> _GIVEN MATERIAL_
┌────────

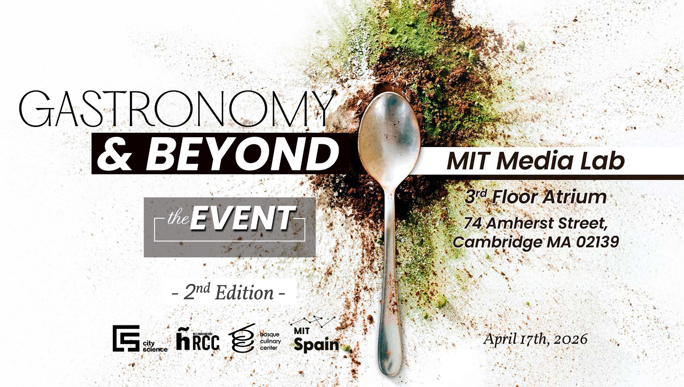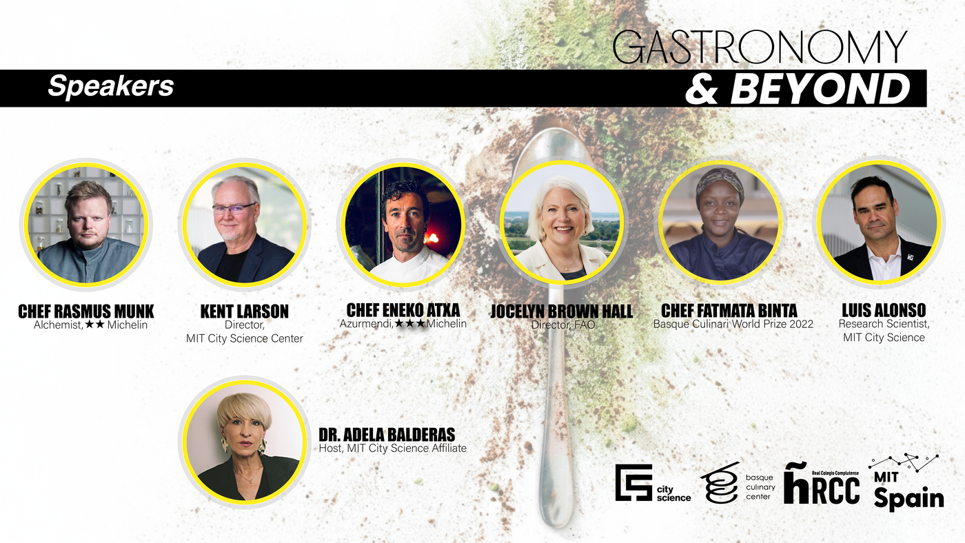 The event features Kent Larson (MIT Media Lab), Chef Eneko Atxa, Chef Rasmus Munk, Jocelyn Brown Hall (FAO), Chef Fatmata Binta (Dine on a Mat), Luis Alonso (MIT Media Lab), and with Dr. Adela Balderas as host and moderator. Through keynote talks and a closing debate, speakers will share their perspectives on what “beyond gastronomy” means—and how it can help shape more sustainable, inclusive futures.
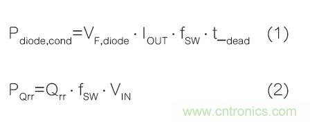 事實上,下橋臂體二極管導通損耗(Pdiode,cond)和反向恢複損耗(PQrr)與二極管正向壓降(VF,diode)及其反向恢複電荷(Qrr)密切相關:
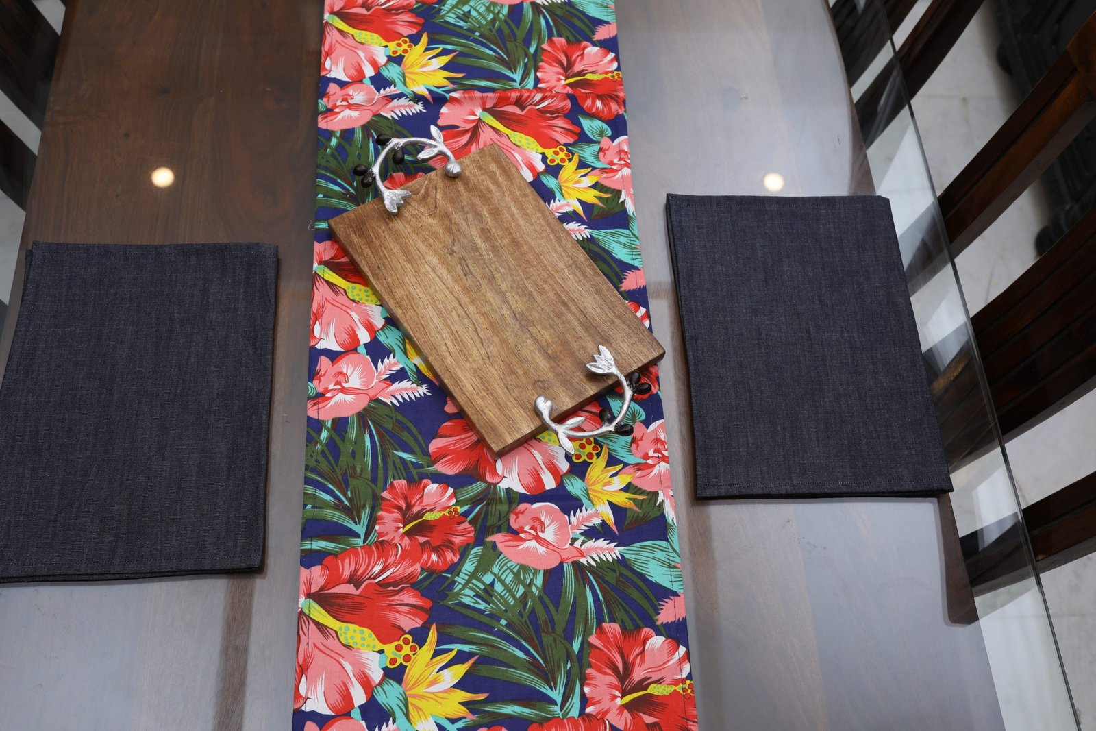 We have worked out the right table runner dimensions for your dining table. Our table runners come with a width of 13”. This will leave enough space on either side of the table so that your place settings don’t overlap with your runner.

└────────

> _PROBLEM TO WORK ON_
Minus its pictures, the full listing should be copied verbatim.

> _WRITTEN REPLY_
 The event features Kent Larson (MIT Media Lab), Chef Eneko Atxa, Chef Rasmus Munk, Jocelyn Brown Hall (FAO), Chef Fatmata Binta (Dine on a Mat), Luis Alonso (MIT Media Lab), and with Dr. Adela Balderas as host and moderator. Through keynote talks and a closing debate, speakers will share their perspectives on what “beyond gastronomy” means—and how it can help shape more sustainable, inclusive futures.
 事實上,下橋臂體二極管導通損耗(Pdiode,cond)和反向恢複損耗(PQrr)與二極管正向壓降(VF,diode)及其反向恢複電荷(Qrr)密切相關:
 We have worked out the right table runner dimensions for your dining table. Our table runners come with a width of 13”. This will leave enough space on either side of the table so that your place settings don’t overlap with your runner.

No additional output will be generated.